Bancos trocam farpas e protagonizam disputa pelo posto de líder nos cortes

A ofensiva da presidente Dilma ao usar os bancos públicos para pressionar os privados a baixar os juros no país gerou uma batalha dentro do próprio governo. O Banco do Brasil e a Caixa Econômica Federal passaram a trocar farpas e protagonizam uma disputa pelo posto de líder nos cortes.

O Estado de São Paulo
"Lei de Acesso à Informação vai começar enfraquecida" 
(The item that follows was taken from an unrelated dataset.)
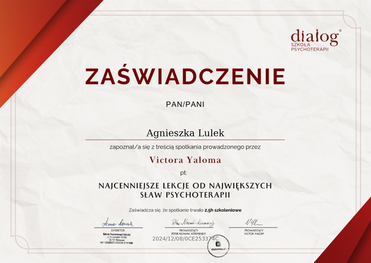 Jeśli szukasz Psychoterapeuty z niespotykanym wyczuciem i intuicją, albo zastanawiasz się, czy spotkania z Psychologiem są dla Ciebie - namawiam Cię: spróbuj z Agnieszką!
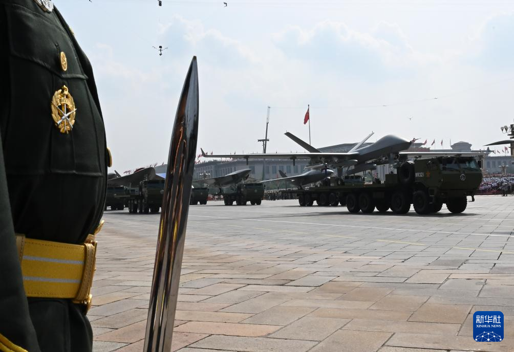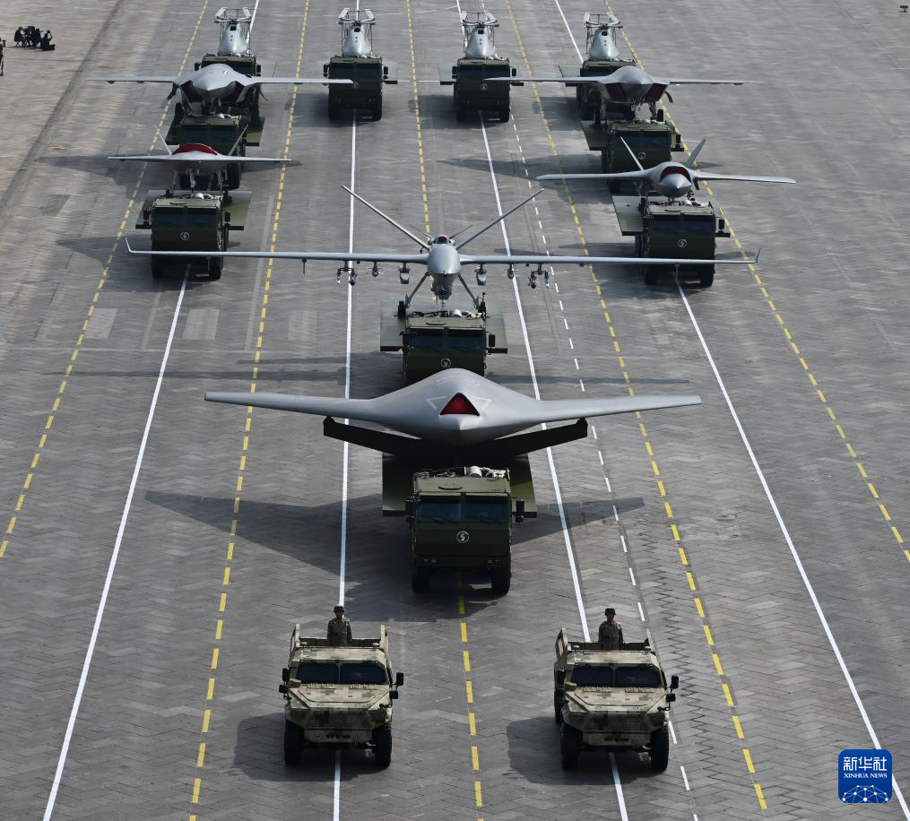 9月3日,纪念中国人民抗日战争暨世界反法西斯战争胜利80周年大会在北京隆重举行。这是空中无人作战方队接受检阅。

Demora na regulamentação por parte do governo atrasa detalhamento e pode gerar confusão

A três dias da entrada em vigor da Lei de Acesso à Informação, que regulamenta o direito constitucional de acesso dos cidadãos às informações públicas, o governo ainda deve o decreto que detalha o funcionamento da legislação no Executivo. Segundo o Planalto, a regulamentação será publicada até quarta, mas o ministro-chefe da Controladoria-Geral da União, Jorge Hage, admite que não será possível esperar que “os serviços de prestação de informações estejam funcionando totalmente” nesse dia. Especialistas alertam que a demora na edição do decreto – seis meses já se passaram desde a sanção da lei – pode gerar confusão na implementação. A Lei de Acesso deixou indefinidas diversas especificidades, como, por exemplo, a necessidade de identificação do requerente da informação.